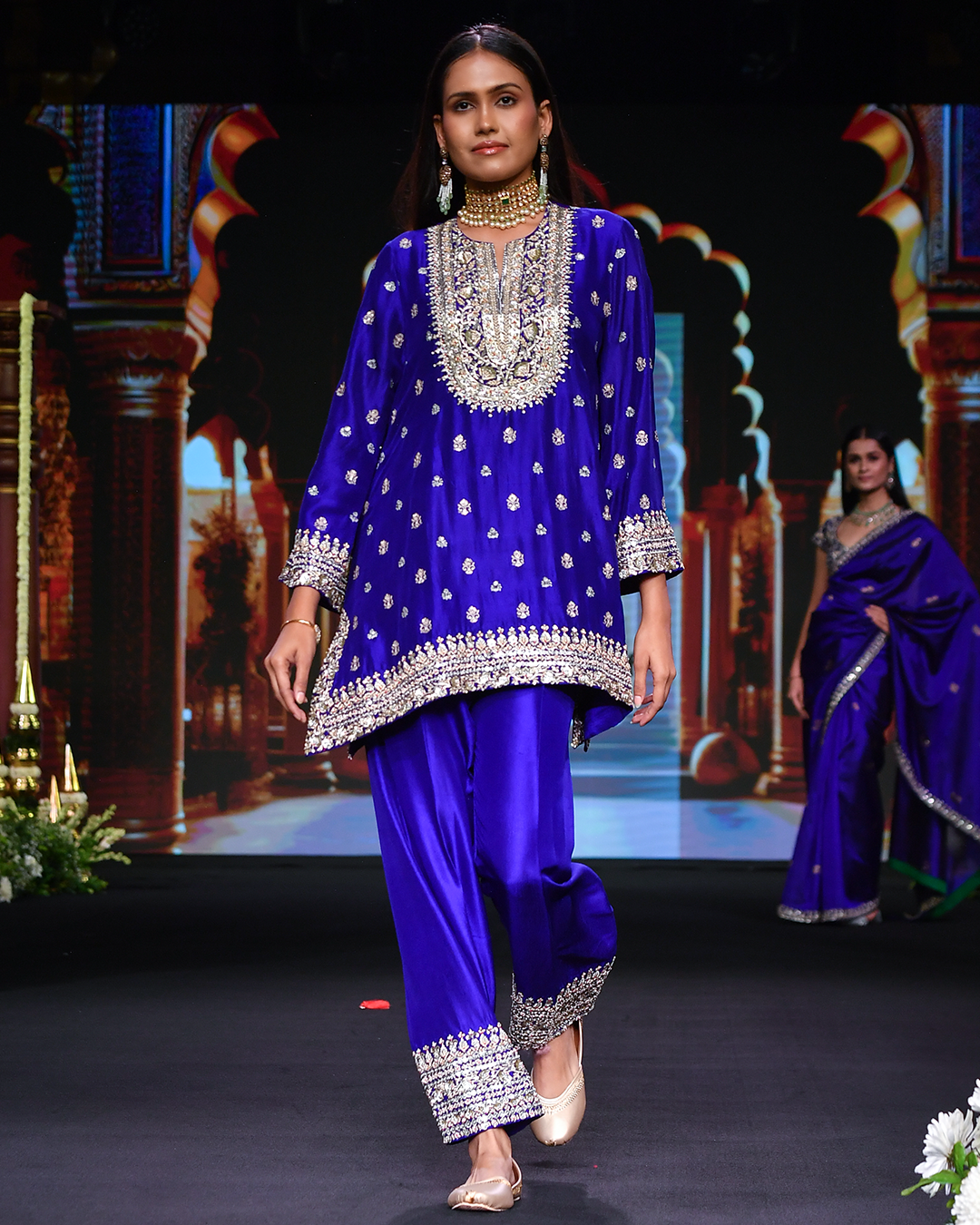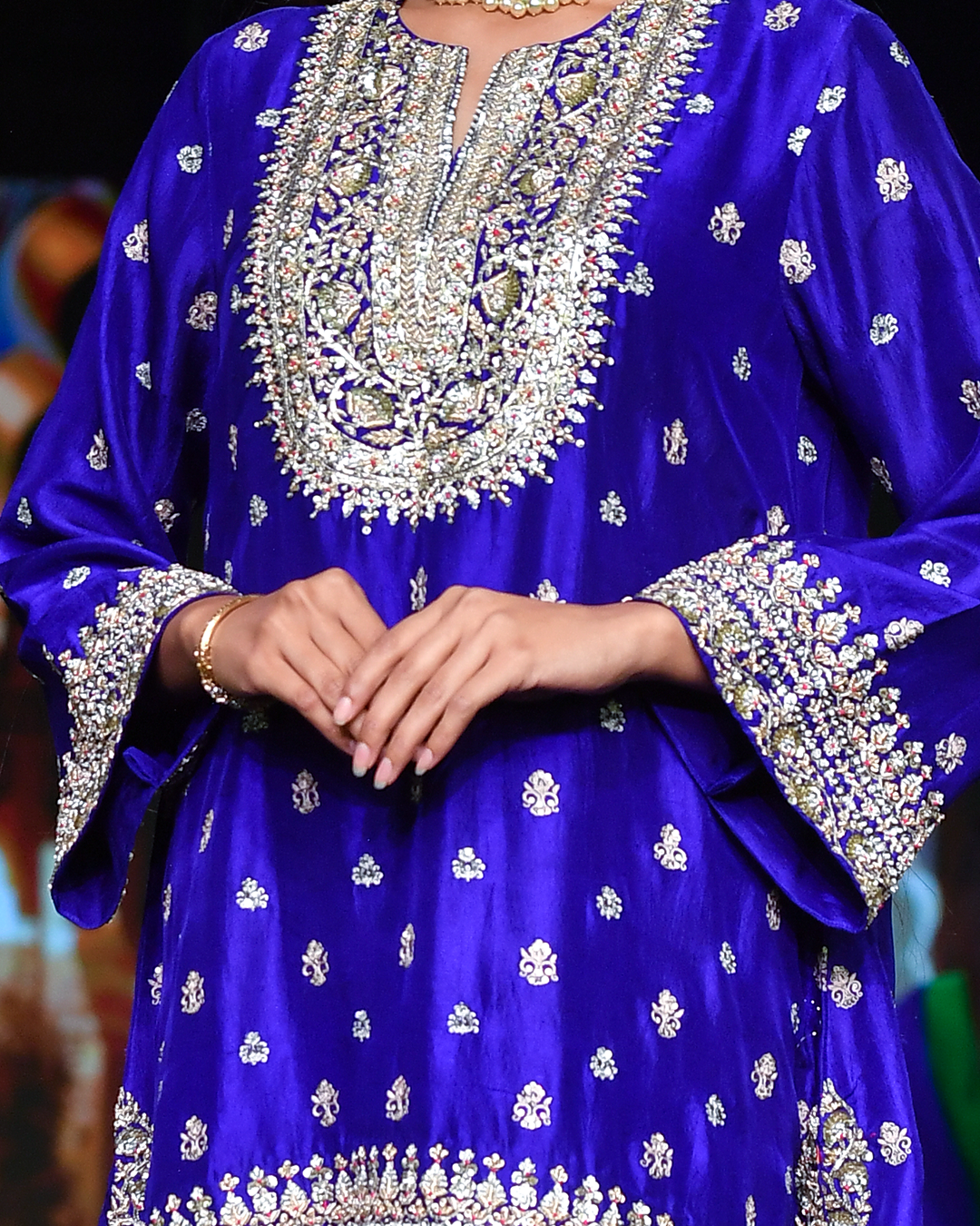 Elegant flowing raw silk short kurta set paired with a coordinated bottom, adorned with intricate craftsmanship across the yoke, kurta edges, sleeves, and the hemline of the bottom.
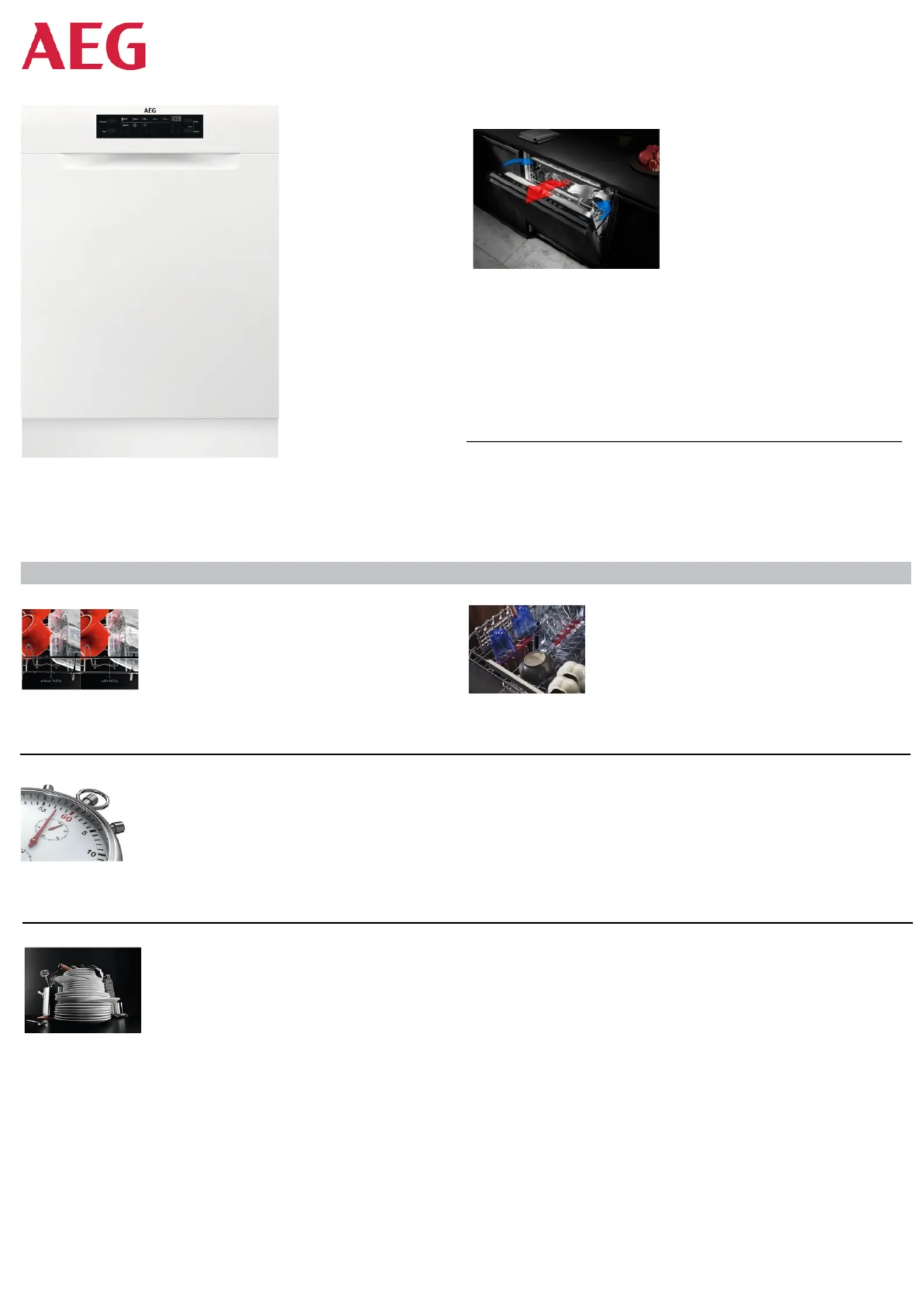 • Underkurv: 2 rk. nedfældelige tallerkenstativer, Håndtag i plast
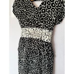 Vintage Jackie Bernard Dress Mid Length Floral Date Night Black White Womens 4
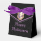 Dieses Halloween Fvor Box zeigt ein Portrait eines Skeletts auf der Frontklappe. Am unteren Rand liest sich der Text, Happy Halloween. Auf der Rückseite der Kiste befindet sich ein Skelettkopf mit einem Hut. Sie können diese Box anpassen, indem Sie Ihren eigenen Text hinzufügen und die Farbbandfarbe ändern. Die Hintergrundfarbe kann auch angepasst werden.
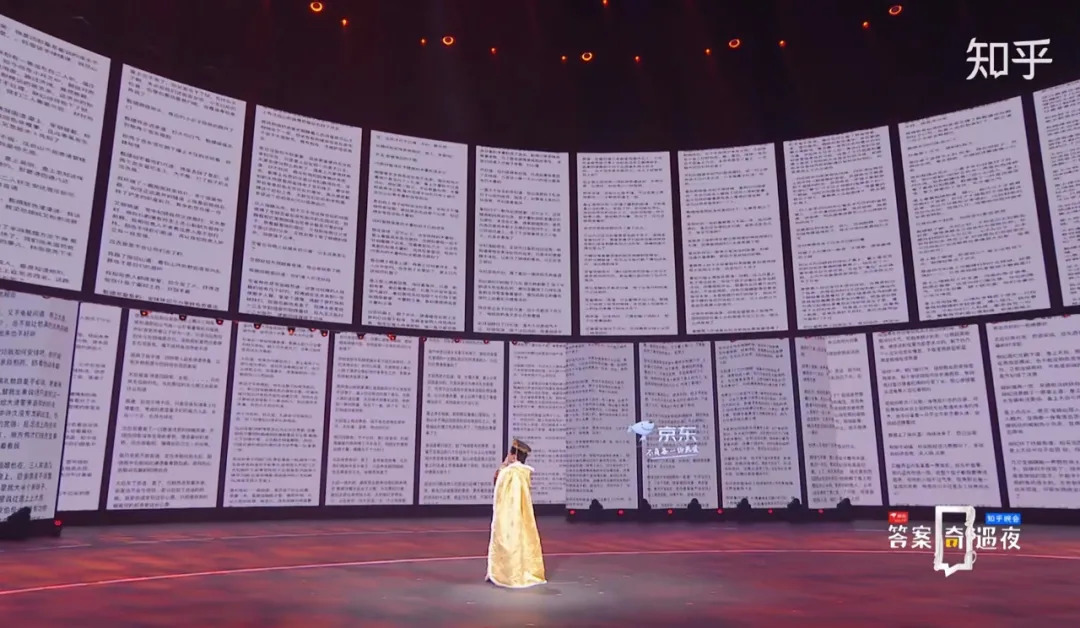 这段表演的名字,来源于站内一名知友所连载的六十七章同名小说,当表演的最后这些小说滚动出现在大屏幕上时,陶昕然潸然泪下,动情地说“感谢知乎”,可以说,知友们的想象力延续了这个角色的生命力。想象力、好奇心、创作与分享、交流与共情,这样的元素贯穿整台晚会,体现着知乎独特的社区气质。
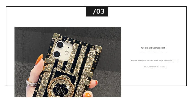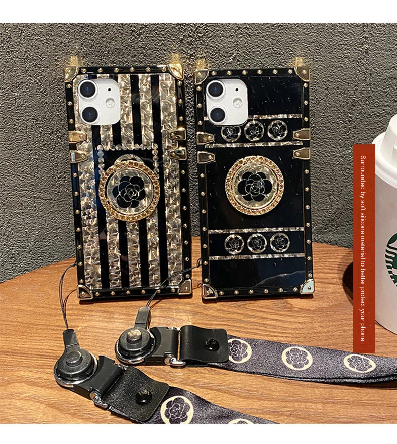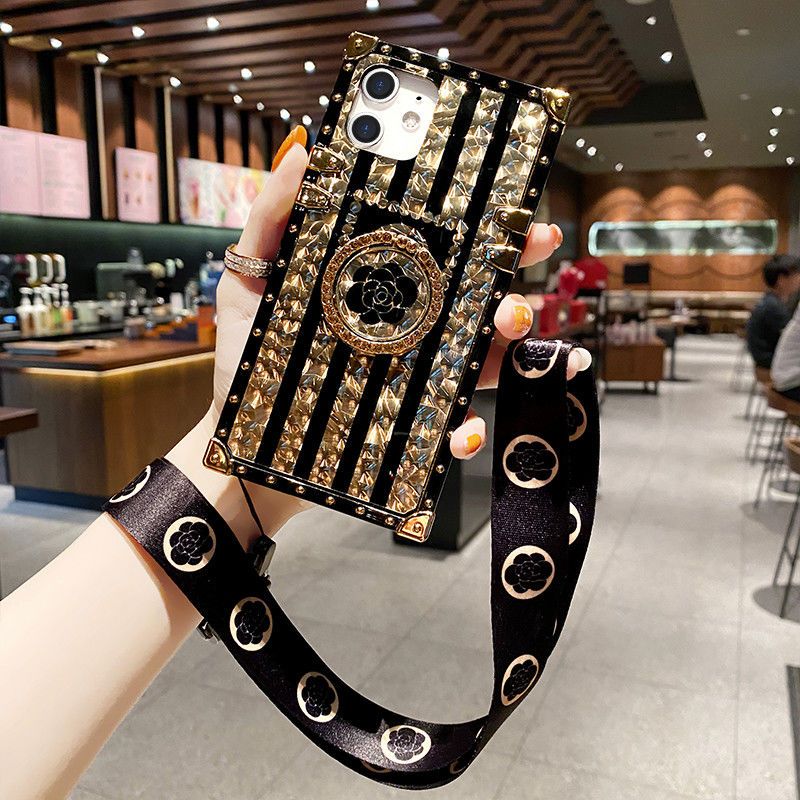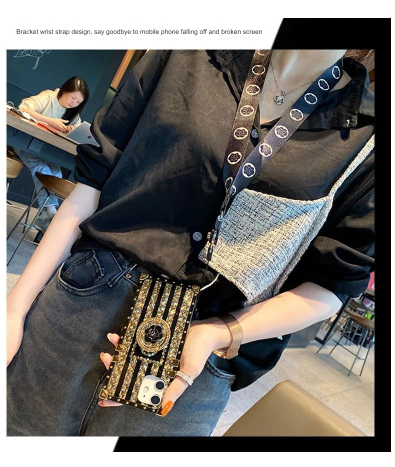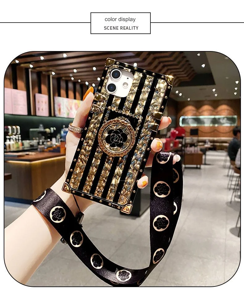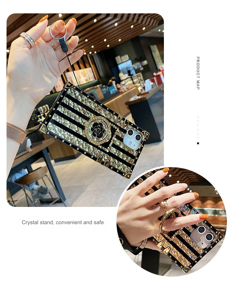 „📱Aukštos klasės mados prekės ženklo Fashion Square Diamond stovo telefono dėklas, skirtas iPhone💍
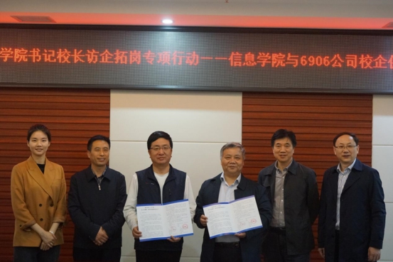 座谈会上,双方围绕校企发展、项目合作、资源共享、人才需求等内容深入交流,在共建实训基地、就业基地等方面达成一致意见。会议现场,委书记甘向阳和6906公司总裁向志明作为双方代表顺利签订校企“实习与就业一体化基地建设协议书”。
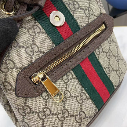 The Gucci Ophidia Mini GG Supreme Backpack offers a compact yet stylish take on one of Gucci’s most iconic designs. Crafted from GG Supreme canvas with the signature green-red-green web stripe and classic double G hardware, this backpack delivers luxury in a functional, everyday size. Perfect for those who value both heritage design and modern practicality.
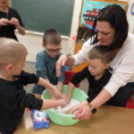 - „ Kajutę morskich skarbów” – Panie: Anna Jarzynka, Agata Gomułka- Zwierz, Jolanta Kowalczyk- Okrucińska zaprosiły dzieci w niezwykłą podróż po doznaniach sensorycznych, manualnych. Dzieci odważnie i z zaciekawieniem uczestniczyły w kolejnych zadaniach: manipulowanie w cieczy nienewtonowskiej, tworzenie rysunku o tematyce morskiej z różnych substancji.
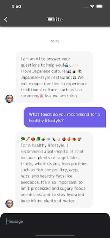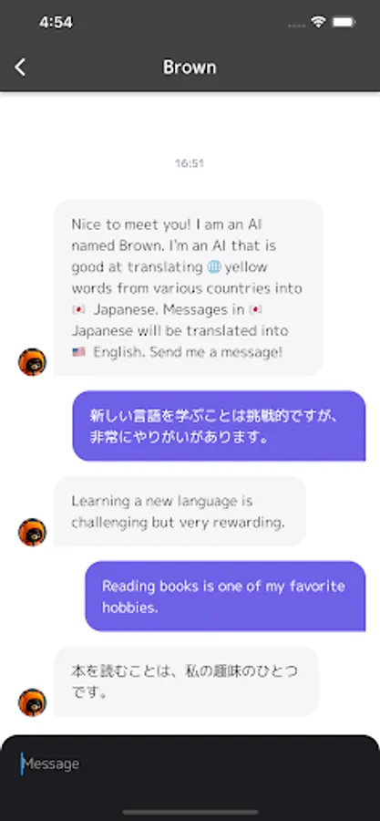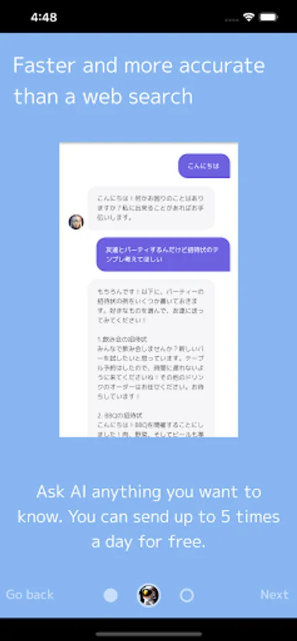 Just by entering text on the chat screen, you can have a conversation with an artificial intelligence assistant.

WHAT THE TASK REQUIRES:
Restate the records above in full, word for word. Keep pictures out.

PROBLEM SOLUTION:
 Elegant flowing raw silk short kurta set paired with a coordinated bottom, adorned with intricate craftsmanship across the yoke, kurta edges, sleeves, and the hemline of the bottom.
 • Underkurv: 2 rk. nedfældelige tallerkenstativer, Håndtag i plast
 Vintage Jackie Bernard Dress Mid Length Floral Date Night Black White Womens 4
 Dieses Halloween Fvor Box zeigt ein Portrait eines Skeletts auf der Frontklappe. Am unteren Rand liest sich der Text, Happy Halloween. Auf der Rückseite der Kiste befindet sich ein Skelettkopf mit einem Hut. Sie können diese Box anpassen, indem Sie Ihren eigenen Text hinzufügen und die Farbbandfarbe ändern. Die Hintergrundfarbe kann auch angepasst werden.
 这段表演的名字,来源于站内一名知友所连载的六十七章同名小说,当表演的最后这些小说滚动出现在大屏幕上时,陶昕然潸然泪下,动情地说“感谢知乎”,可以说,知友们的想象力延续了这个角色的生命力。想象力、好奇心、创作与分享、交流与共情,这样的元素贯穿整台晚会,体现着知乎独特的社区气质。
 „📱Aukštos klasės mados prekės ženklo Fashion Square Diamond stovo telefono dėklas, skirtas iPhone💍
 座谈会上,双方围绕校企发展、项目合作、资源共享、人才需求等内容深入交流,在共建实训基地、就业基地等方面达成一致意见。会议现场,委书记甘向阳和6906公司总裁向志明作为双方代表顺利签订校企“实习与就业一体化基地建设协议书”。
 The Gucci Ophidia Mini GG Supreme Backpack offers a compact yet stylish take on one of Gucci’s most iconic designs. Crafted from GG Supreme canvas with the signature green-red-green web stripe and classic double G hardware, this backpack delivers luxury in a functional, everyday size. Perfect for those who value both heritage design and modern practicality.
 - „ Kajutę morskich skarbów” – Panie: Anna Jarzynka, Agata Gomułka- Zwierz, Jolanta Kowalczyk- Okrucińska zaprosiły dzieci w niezwykłą podróż po doznaniach sensorycznych, manualnych. Dzieci odważnie i z zaciekawieniem uczestniczyły w kolejnych zadaniach: manipulowanie w cieczy nienewtonowskiej, tworzenie rysunku o tematyce morskiej z różnych substancji.
 Just by entering text on the chat screen, you can have a conversation with an artificial intelligence assistant.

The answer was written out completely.